### The problem
Every line from the one with "Offering painting excellence" up to and including the one with "Aussitôt la jeune" is to be output exactly as it appears below; pictures are not.

### Material to process
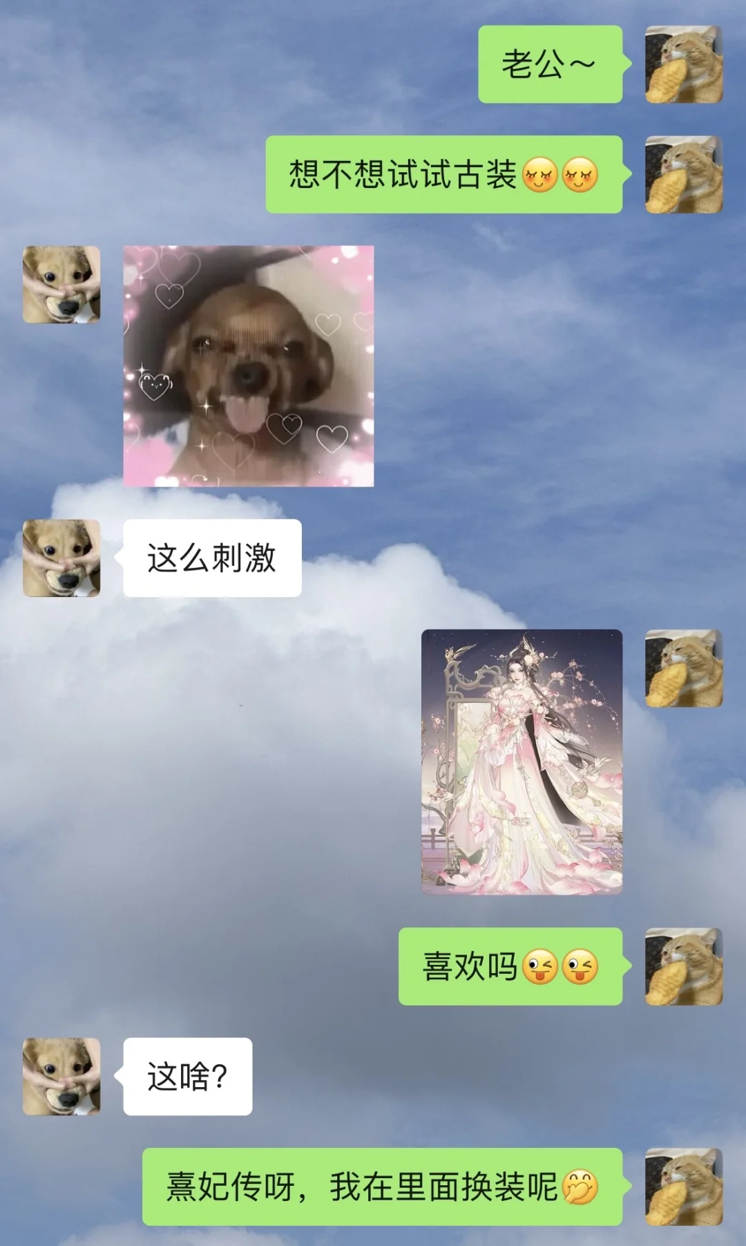 调戏男朋友成了我每天的快乐源泉,他还以为是我新买了古装的衣服奖励他呢[吐舌头H][吐舌头H],结果是我在游戏里的衣服哈哈哈。
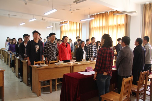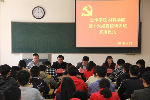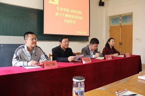 4月26日下午,生命科学学院联合材料科学与工程学院在13号教学楼201教室举行第十六期党课开班仪式。学院党总支书记郭万保、材料科学与工程学院党总支副书记陈沙、学院党总支副书记陆广峰出席活动,团总支书记李兰晶主持,生命科学学院与材料科学与工程学院本科生入党积极分子参加。
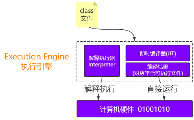 最终JVM需要把字节码指令转换为机器码,可以理解为是0101这样的机器语言,这样才能运行在不同的机器上,那么由字节码转变为机器码是谁来做的呢?说白了就是谁来执行这些字节码指令的呢?这就是执行引擎。
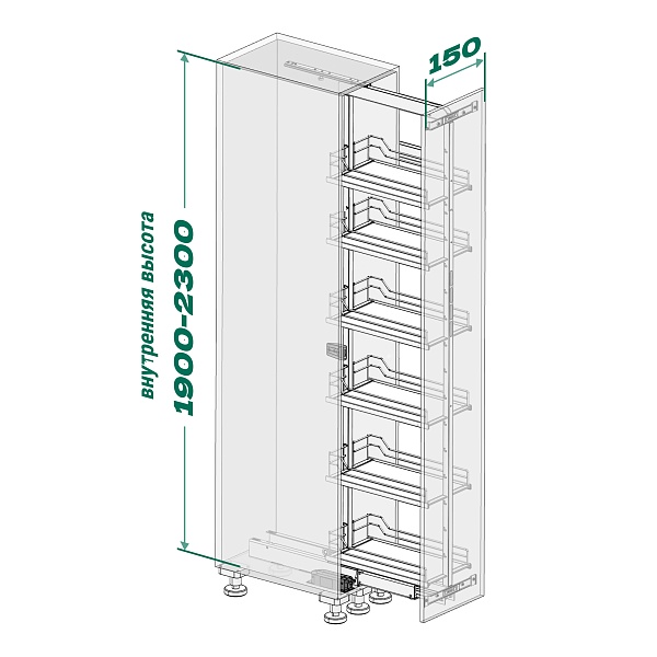 • Высокая нагрузка на механизм в 100 кг (по 18 кг на полку) позволяет организовать хранение большому количеству предметов, при этом даже при полной загрузке система выдвигается легко.
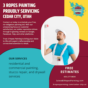 Offering painting excellence in Cedar City, UT for over 10 years, 3 Ropes Painting has been the trusted name for residential and commercial painting services in Cedar City, UT. We specialize in both interior and exterior painting, perfecting the art of transforming spaces while offering additional services to meet all your needs. From flawless drywall repairs and stucco restoration that enhances exterior appeal to durable and elegant epoxy floor refinishing, we ensure every project exceeds expectations. At 3 Ropes Painting, our dedication shines through unmatched attention to detail, superior craftsmanship, and a commitment to turning your vision into reality with precision and customer satisfaction at the forefront.
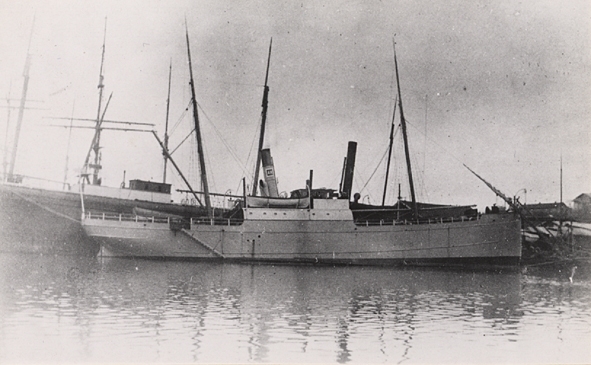 Fartyget gick på grund i Kristianiafjorden 1903, bärgades och såldes från Göteborg till Arendal. Bilden tagen i Moss 1904 efter reperationen.
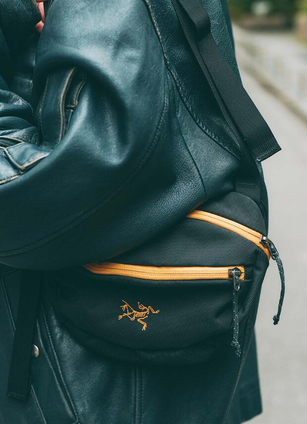 『アークテリクス』のバッグはオレンジのジップがポイント。機能美あふれるテック系アイテムで冬のお出かけスタイルをアップデート♪
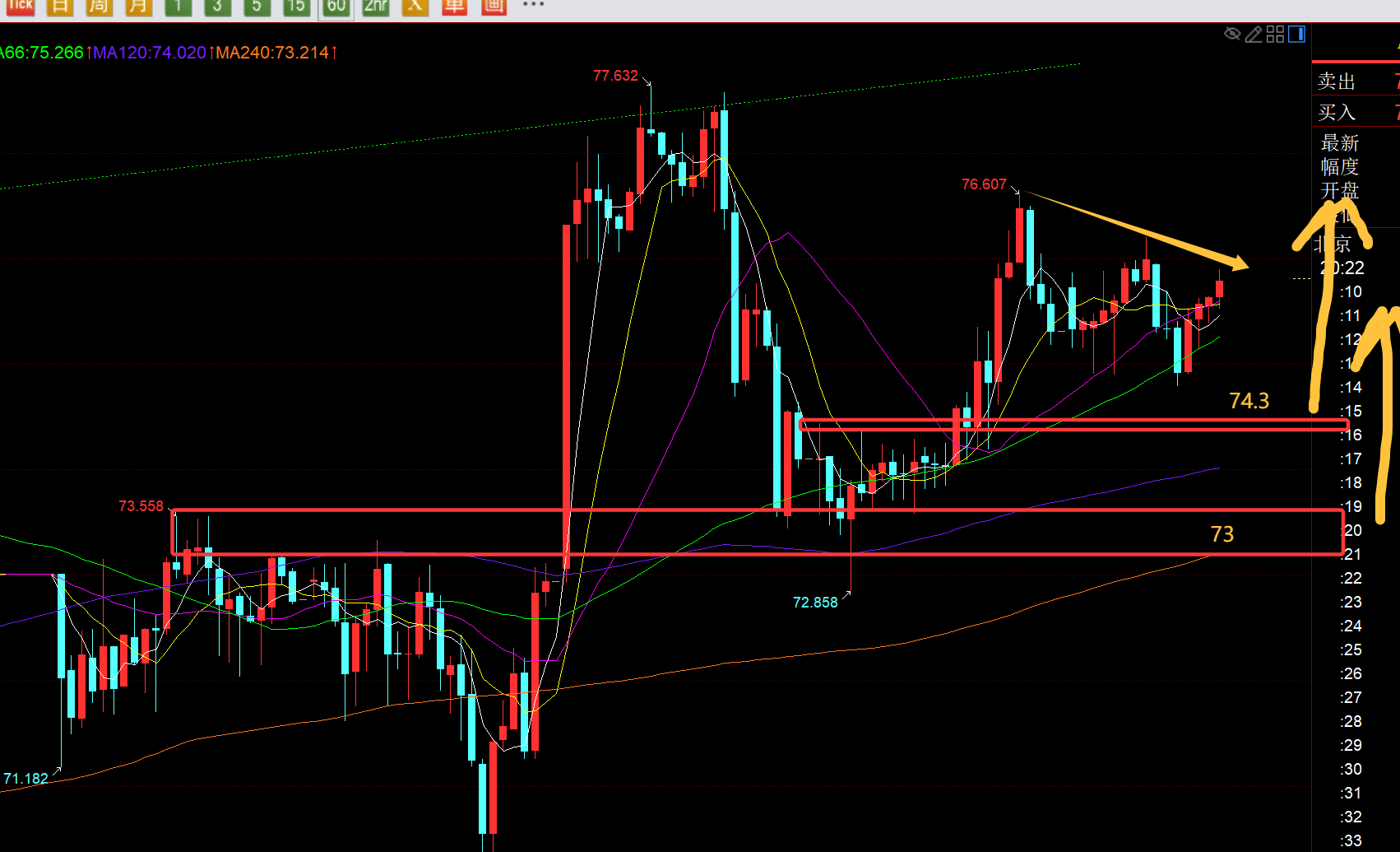 白银方面:从图中分布看,当前黄色阻力线承压,一旦突破站上,则会再试探隔夜76.6高点,甚至冲击77.6及上; 支撑留意74.3和73两个顶底企稳;
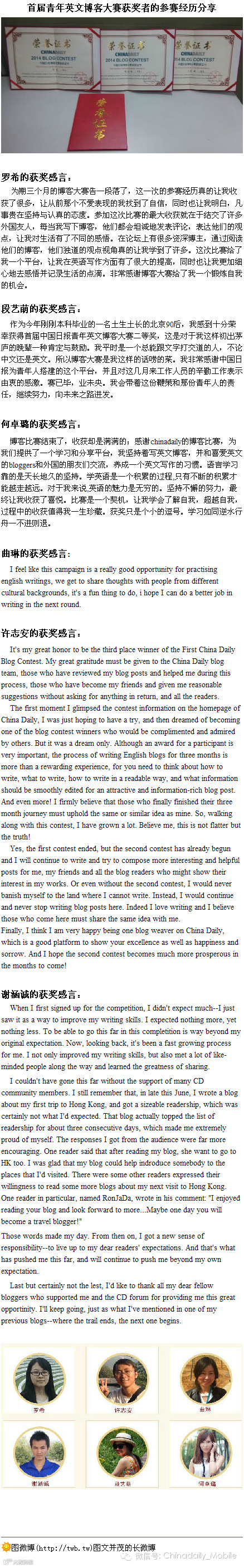 首届青年博客大赛的获奖者们现身说法,与你一起分享他们的参赛心得,你一定不能错过!
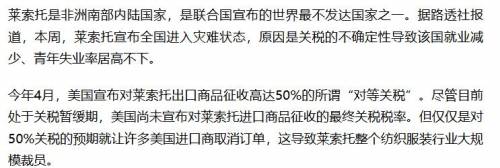 如果说这些都是出于“美国优先”政策,那特朗普对一个非洲小国也同样实施了50%的高额关税就很难理解了。
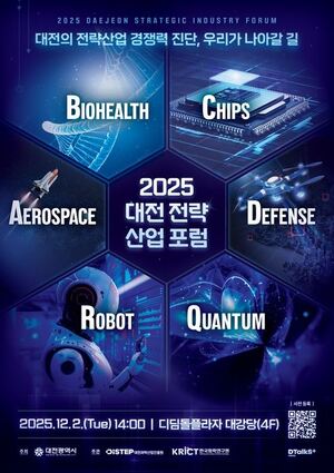 대전시는 대전과학산업진흥원(DISTEP), 한국화학연구원(KRICT)과 함께 오는 12월 2일 오후 2시 한국화학연구원 디딤돌플라자 4층 대강당에서 '2025년 대전 전략산업 통합포럼'을 개최한다.이번 포럼은 시가 중점 육성 중인 6대 전략산업(ABCD+QR)의 지역맞춤형 육성전략을 마련하고, 산·학·연·관·군이 함께하는 협력 생태계 구축을 위한 소통의 장을 위해 마련했다.'대전의 전략산업 경쟁력 진단, 우리가 나아갈 길'을 주제로 열리는 포럼은 대전투자금융 송원강 대표의 특별강연을 시작으로 ▲ 우주항공 ▲ 바이오헬스 ▲ 반도체 ▲
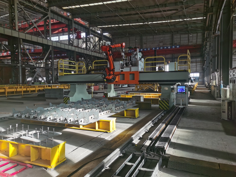 依托狮子洋通道的大体量、高精度钢壳制造,负责制造的中铁山桥和中铁宝桥集团,正推动从单个设备智能化,转向融合BIM模型及AI技术的整体智能化产线布局。智能管控系统如同“大脑”,贯穿研发设计、制造作业、运营管理等全流程,操作员输入口令,后台即可自动调度资源、调整参数,指挥五条生产线协同作业,超10万条焊接数据也被同步录入。此外,项目搭建了国内首套剪力钉自动焊接生产线,并研发专用焊接机器人,板单元焊接自动化率达到100%。
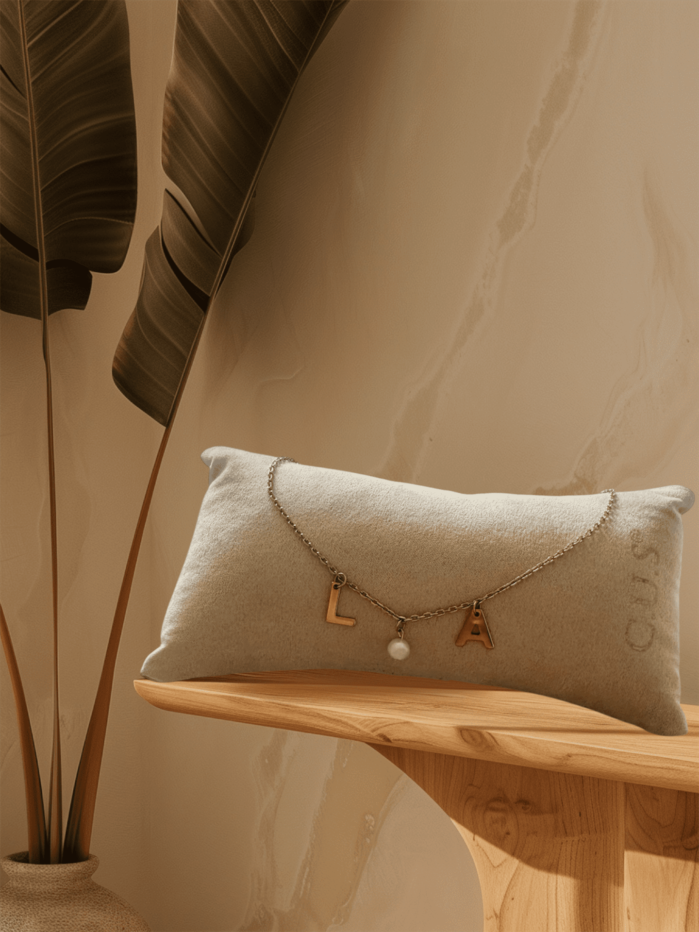 Un collier délicat et chargé de sens. Ce collier en acier inoxydable doré se compose d'initiales suspendues, associées à de la véritable perle d'eau douce, pour un bijou à la fois raffiné, intemporel et profondément personnel.
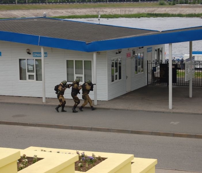 В столице Чувашии прошел завершающий этап тренировки на территории речного порта. По легенде, там где укрылись условные террористы, захватившие заложников. Об этом сообщают в пресс-службе МВД по Чувашии.
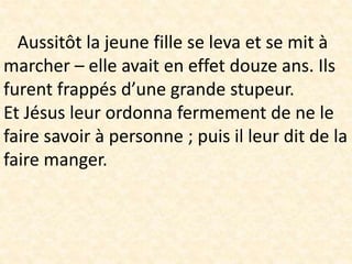 Aussitôt la jeune fille se leva et se mit à marcher – elle avait en effet douze ans. Ils furent frappés d’une grande stupeur.
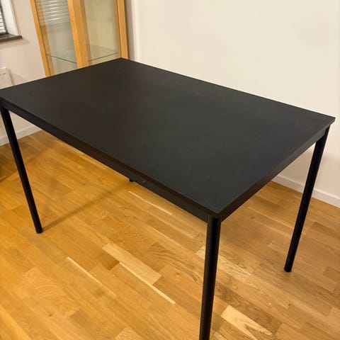 Barbord med svart bordsskiva och underrede i metall. Till bordet hör svarta barstolar. Passar som matplats eller arbetsyta i kök eller allrum.
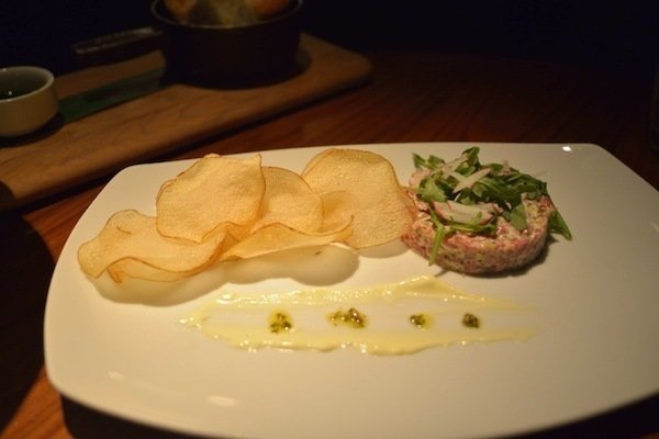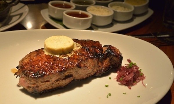 STK, is part restaurant / part club. Passing by the beautiful bar, you’ll head up the stairs to the comfy rounded booths where your exceptional evening begins. Cocktails are a must here like the Cucumber Stiletto. Some fantastic starters are the Beef or Tuna Tartare. For entrees, scallops don’t disappoint, but at least one must get a steak. I recommend the Sirloin, dripping with butter and served with eight, yes eight dipping sauces (see picture below).
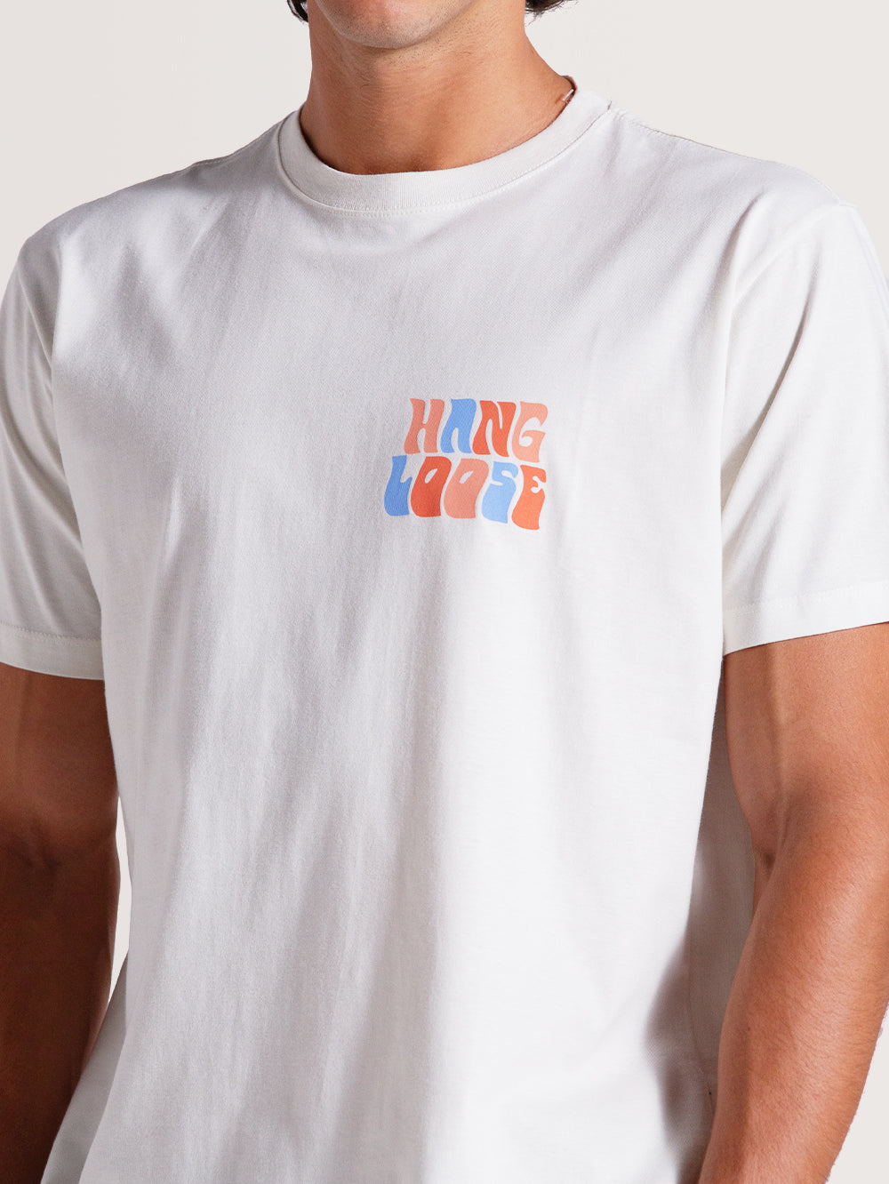 A camiseta masculina off white Hippie da Hang Loose é perfeita para o seu dia a dia. Sinta o conforto e maciez da malha de algodão dessa camiseta de manga curta masculina.
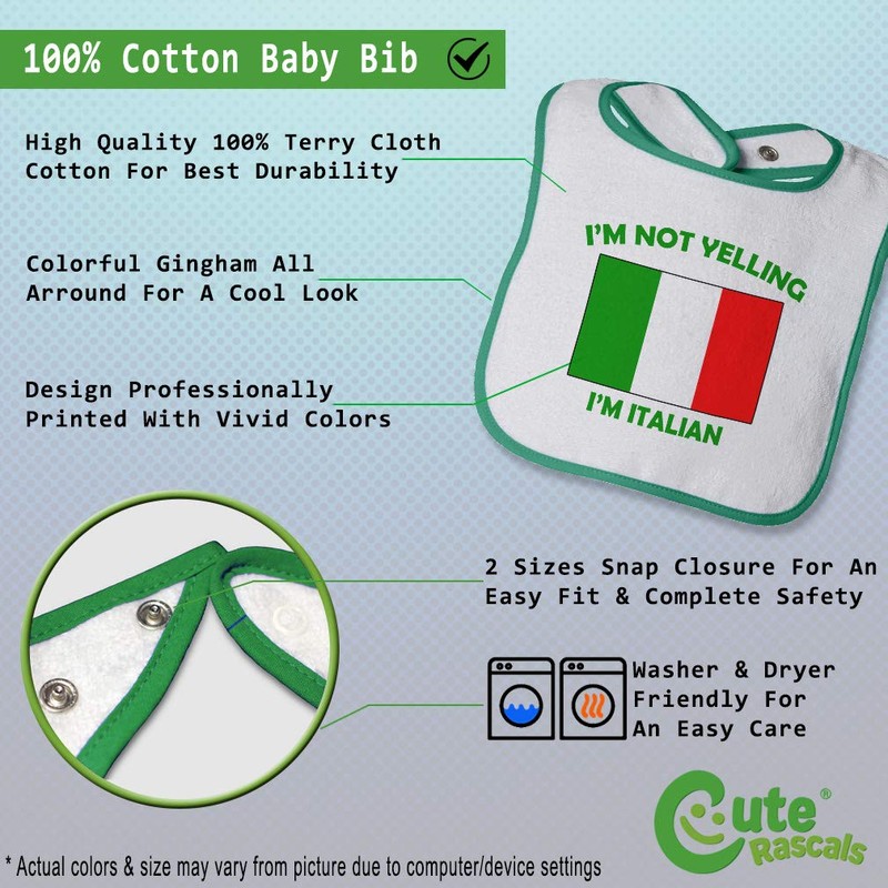 Toddler & Baby Bibs Burp Cloths Not Yelling I'm Not Yelling I Am Italian Italy Countries Cotton Baby Items for Baby Girl & Boy White Green Design Only
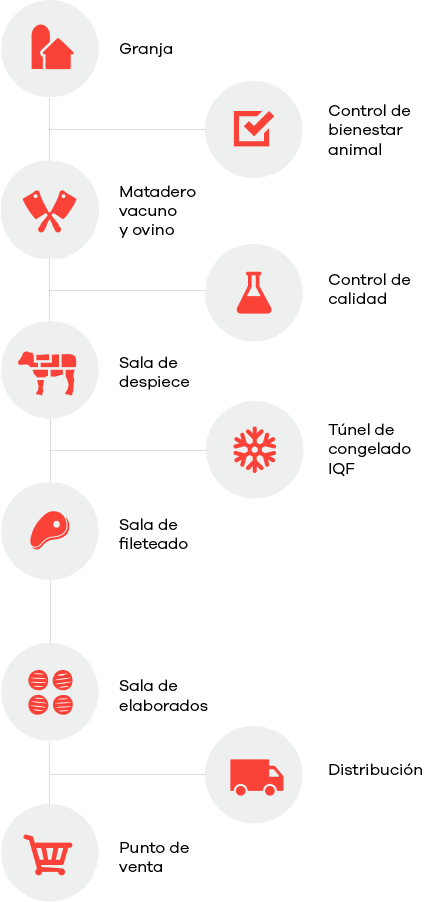 Disposem d'un escorxador de boví de 6.518 m2 amb capacitat per sacrificar 1.600 animals setmanals, i un altre escorxador d'oví amb capacitat per al sacrifici de 1.000 caps setmanals.
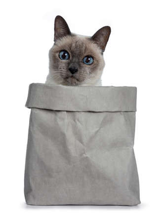 Senior blue Thai cat point sitting in gray bag, looking over edge with blue eyes straight into camera. Isolated on white background.
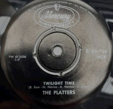 | A legendary American vocals group, formed in 1952 in Los Angeles, Californbia, one of the most successful vocal groups of the early rock and roll era. "Twilight Time" has been recorded by numerous groups over the years. However, the best-known version of the song was recorded by The Platters, ans became a No. 1 hit on both the pop singles and R&B best sellers lists in 1958 in the United States. Finnish issue of Mercury 71289X45 (USA, 1958), almost identical to the Swedish issue but five times rarer!

### Answer to the problem
 Offering painting excellence in Cedar City, UT for over 10 years, 3 Ropes Painting has been the trusted name for residential and commercial painting services in Cedar City, UT. We specialize in both interior and exterior painting, perfecting the art of transforming spaces while offering additional services to meet all your needs. From flawless drywall repairs and stucco restoration that enhances exterior appeal to durable and elegant epoxy floor refinishing, we ensure every project exceeds expectations. At 3 Ropes Painting, our dedication shines through unmatched attention to detail, superior craftsmanship, and a commitment to turning your vision into reality with precision and customer satisfaction at the forefront.
 Fartyget gick på grund i Kristianiafjorden 1903, bärgades och såldes från Göteborg till Arendal. Bilden tagen i Moss 1904 efter reperationen.
 『アークテリクス』のバッグはオレンジのジップがポイント。機能美あふれるテック系アイテムで冬のお出かけスタイルをアップデート♪
 白银方面:从图中分布看,当前黄色阻力线承压,一旦突破站上,则会再试探隔夜76.6高点,甚至冲击77.6及上; 支撑留意74.3和73两个顶底企稳;
 首届青年博客大赛的获奖者们现身说法,与你一起分享他们的参赛心得,你一定不能错过!
 如果说这些都是出于“美国优先”政策,那特朗普对一个非洲小国也同样实施了50%的高额关税就很难理解了。
 대전시는 대전과학산업진흥원(DISTEP), 한국화학연구원(KRICT)과 함께 오는 12월 2일 오후 2시 한국화학연구원 디딤돌플라자 4층 대강당에서 '2025년 대전 전략산업 통합포럼'을 개최한다.이번 포럼은 시가 중점 육성 중인 6대 전략산업(ABCD+QR)의 지역맞춤형 육성전략을 마련하고, 산·학·연·관·군이 함께하는 협력 생태계 구축을 위한 소통의 장을 위해 마련했다.'대전의 전략산업 경쟁력 진단, 우리가 나아갈 길'을 주제로 열리는 포럼은 대전투자금융 송원강 대표의 특별강연을 시작으로 ▲ 우주항공 ▲ 바이오헬스 ▲ 반도체 ▲
 依托狮子洋通道的大体量、高精度钢壳制造,负责制造的中铁山桥和中铁宝桥集团,正推动从单个设备智能化,转向融合BIM模型及AI技术的整体智能化产线布局。智能管控系统如同“大脑”,贯穿研发设计、制造作业、运营管理等全流程,操作员输入口令,后台即可自动调度资源、调整参数,指挥五条生产线协同作业,超10万条焊接数据也被同步录入。此外,项目搭建了国内首套剪力钉自动焊接生产线,并研发专用焊接机器人,板单元焊接自动化率达到100%。
 Un collier délicat et chargé de sens. Ce collier en acier inoxydable doré se compose d'initiales suspendues, associées à de la véritable perle d'eau douce, pour un bijou à la fois raffiné, intemporel et profondément personnel.
 В столице Чувашии прошел завершающий этап тренировки на территории речного порта. По легенде, там где укрылись условные террористы, захватившие заложников. Об этом сообщают в пресс-службе МВД по Чувашии.
 Aussitôt la jeune fille se leva et se mit à marcher – elle avait en effet douze ans. Ils furent frappés d’une grande stupeur.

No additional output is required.